As noted back on page one of this topic, each one of his boys currently has two accounts each, they only need one account and by the rules of AGR are only allowed to have one account each. This is why Printman is closing accounts, to get rid of the second unneeded account. My reason for suggesting however that he wait until the points from the first trip post, is to prevent AGR from closing the wrong account. If he calls up now and both accounts for each child have a zero balance, there is always a chance that the agent closes the wrong account. If one account has points in it, then it's far less likely that the agent accidentally closes the wrong account.

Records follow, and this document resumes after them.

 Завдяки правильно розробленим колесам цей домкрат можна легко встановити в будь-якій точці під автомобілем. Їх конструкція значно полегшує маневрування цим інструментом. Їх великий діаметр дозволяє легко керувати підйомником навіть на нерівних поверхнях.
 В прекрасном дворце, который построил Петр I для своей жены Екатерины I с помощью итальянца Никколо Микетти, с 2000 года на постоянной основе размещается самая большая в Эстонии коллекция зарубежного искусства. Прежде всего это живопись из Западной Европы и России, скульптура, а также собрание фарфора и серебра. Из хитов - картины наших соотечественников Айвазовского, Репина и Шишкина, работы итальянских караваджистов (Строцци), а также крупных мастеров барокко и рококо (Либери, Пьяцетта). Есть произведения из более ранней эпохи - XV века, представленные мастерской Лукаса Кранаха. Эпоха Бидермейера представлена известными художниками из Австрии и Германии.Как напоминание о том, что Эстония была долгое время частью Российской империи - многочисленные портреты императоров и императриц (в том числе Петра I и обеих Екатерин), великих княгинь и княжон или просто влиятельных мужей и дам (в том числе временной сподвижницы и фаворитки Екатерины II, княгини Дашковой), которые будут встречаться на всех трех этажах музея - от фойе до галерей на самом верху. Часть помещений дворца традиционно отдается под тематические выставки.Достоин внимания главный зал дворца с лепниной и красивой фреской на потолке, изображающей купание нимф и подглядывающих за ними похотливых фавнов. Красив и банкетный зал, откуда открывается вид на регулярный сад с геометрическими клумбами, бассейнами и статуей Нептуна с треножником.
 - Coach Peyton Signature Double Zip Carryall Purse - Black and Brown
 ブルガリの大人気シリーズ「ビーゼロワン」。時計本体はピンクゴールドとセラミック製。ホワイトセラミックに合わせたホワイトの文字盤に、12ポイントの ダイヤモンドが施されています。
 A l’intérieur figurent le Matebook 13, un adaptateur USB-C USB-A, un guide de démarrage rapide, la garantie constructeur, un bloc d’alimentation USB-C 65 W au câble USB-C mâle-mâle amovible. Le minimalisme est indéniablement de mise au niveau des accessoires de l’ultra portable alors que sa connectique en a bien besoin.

And the wrong account is the one where Printman did a referral, which will net both the child and Printman 500 points each.


----------



## John Bredin (Mar 15, 2009)

AlanB said:


> John,
> As noted back on page one of this topic, each one of his boys currently has two accounts each, they only need one account and by the rules of AGR are only allowed to have one account each. This is why Printman is closing accounts, to get rid of the second unneeded account. My reason for suggesting however that he wait until the points from the first trip post, is to prevent AGR from closing the wrong account. If he calls up now and both accounts for each child have a zero balance, there is always a chance that the agent closes the wrong account. If one account has points in it, then it's far less likely that the agent accidentally closes the wrong account.
> 
> And the wrong account is the one where Printman did a referral, which will net both the child and Printman 500 points each.


Sorry. I didn't realize until reading much more closely (after your posting quoted above) that the new accounts *printman2000* referred to in post 17 were separate from the new accounts he mentioned in the very first post.


----------



## AlanB (Mar 15, 2009)

John Bredin said:


> Sorry. I didn't realize until reading much more closely (after your posting quoted above) that the new accounts *printman2000* referred to in post 17 were separate from the new accounts he mentioned in the very first post.


No worries.


----------



## printman2000 (Mar 26, 2009)

So, I got my boys signed up through the referral bonus. I also called Amtrak and added their AGR numbers to all of our reservations.

Today, all the bonus points from our trip in 3/16 have posted. They each got their enrollment bonus (500) plus their rail travel (100).

I got the referral bonus for both (1000), however, my rail points have not posted yet.

Thanks for everyone's help.


----------